The vibration and noise of the diesel is ever present and quite annoying to most of the passengers I usually carried but I had long ago ceased to notice it–it seemed to be quickly carried away by the wind.
The monotony of such a trip is broken by a constant alertness avoiding the thousands of small ice flows and the many icebergs that break off from the glaciers that inch into these fjords. Some of these bergs are huge mountains of snow, most are solid ice beaten by the wind into grotesque shapes like huge monsters and it’s quite a diversion comparing them with various animated things. Yet, all of the are objects of wonder and beauty, especially the deep beautifully colored blue ones. I’ve never once heard of an explanation for their color but they are like big blue gems; the color of turquoise. They are the hardest frozen of all, like steel, and a .30 Calibre rifle bullet does not penetrate them more than a few inches.

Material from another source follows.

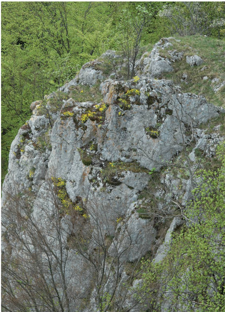
Fig. 3. Alyssum montanum dans la falaise du Raemelsberg à Kleinlützel, avril 2009 – Laurent Juillerat.

As you go down those waters the high jagged snow covered mountains are always there and seem to be pressing in from each side. However, one can’t deny their breath taking beauty with many of their lofty summits hidden in the clouds!
The thin clear air of the North gives one a false perception of distance, especially on the water, a mountain of berg that appears several miles distant may very well be twenty-five miles away. And, even though you may go along eight to ten knots an hour, you never seem to get anywhere. You set a certain distant berg as your next destination and it takes hours to reach it.
After an hour the fog suddenly lifted from the surface of the water and a bright blinding light reflected from the mountains, the water and the ice. The sun itself couldn’t be seen but its rays penetrated the haze.
Grade: A-
Teacher’s comments: Very well written. You leave your reader, however, with a sense of incompleteness. You had only started your trip when bingo–end of composition.